Last Guardian of Everness
- First edition
- Author: John C. Wright
- Cover artist: Justin Sweet
- Language: English
- Series: The War of the Dreaming
- Genre: Fantasy
- Publisher: Tor Books
- Publication date: 2004
- Publication place: United States
- Media type: Print (Hardcover)
- Pages: 332 pp.
- ISBN: 0-312-84871-4
- OCLC: 54500715
- Dewey Decimal: 813/.6 22
- LC Class: PS3623.R54 L37 2004

= Last Guardian of Everness =

2004 novel by John C. Wright

The Last Guardian of Everness: Being the First Part of the War of the Dreaming is a fantasy novel by American speculative fiction writer John C. Wright, published by Tor Books. It is followed by Mists of Everness.

== Overview ==

The novel tells the tale of Raven, son of Raven, who bargains with a necromancer, Koschei the Deathless, to save the life of his pretty young wife Wendy, who is in the terminal ward of the hospital. The price is that Raven must kill an innocent stranger. The stranger selected is Galen Waylock, the youngest and last watchman of an order of guardians protecting mankind from a supernatural invasion through the Gates of Greater Slumber. The conceit is that man has been separated from the world of dreams in order to preserve him: the fairies and gods remembered in myth yearn to re-establish their old rule.

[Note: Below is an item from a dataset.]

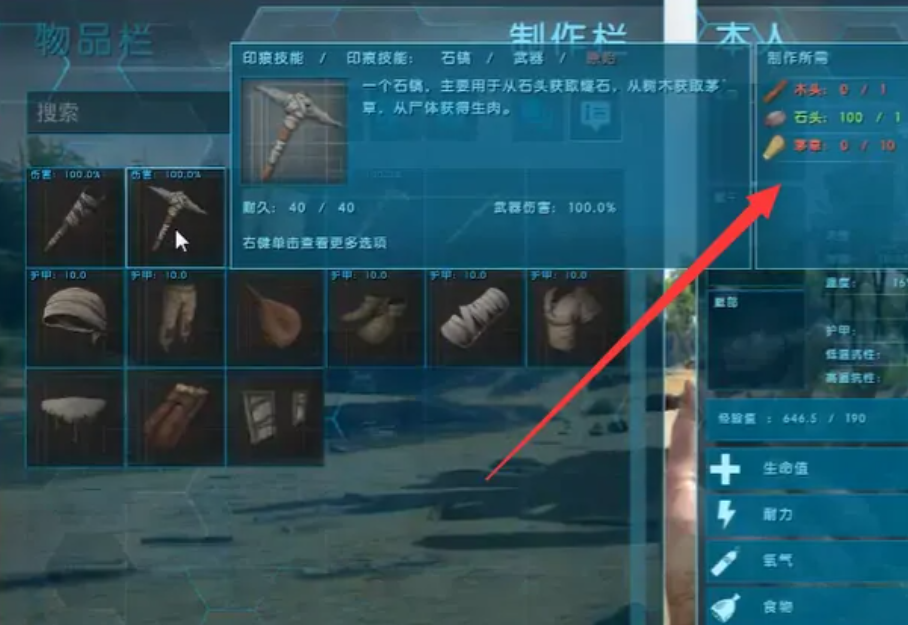 首頁 方舟:生存進化 問答 方舟:生存進化怎麼做石鎬? 2023-01-18 1、按V鍵打開製作欄,查看石鎬需要的材料,木頭,石頭,茅草,如圖。2、石頭地上都是,直接撿就可以獲得。3、木頭和茅草需要自己用手打樹木就可以獲得。4、最後回到製作欄,右鍵單擊石鎬選擇製作一個即可。

The story draws on varied mythological sources. Koschei (or Koschey) the Deathless is from Russian folk tales; the Selkie are from Irish lore, the Kelpie, Scottish; Oberon, Titania, and Merlin the Magician, English. The giants Surtvitnir and Bergelmir are Norse. The angels and fallen angels in the story answer either to their Christian or pagan names: The Archangel Uriel, for example, is also called Hyperion, and Apollo the Destroyer.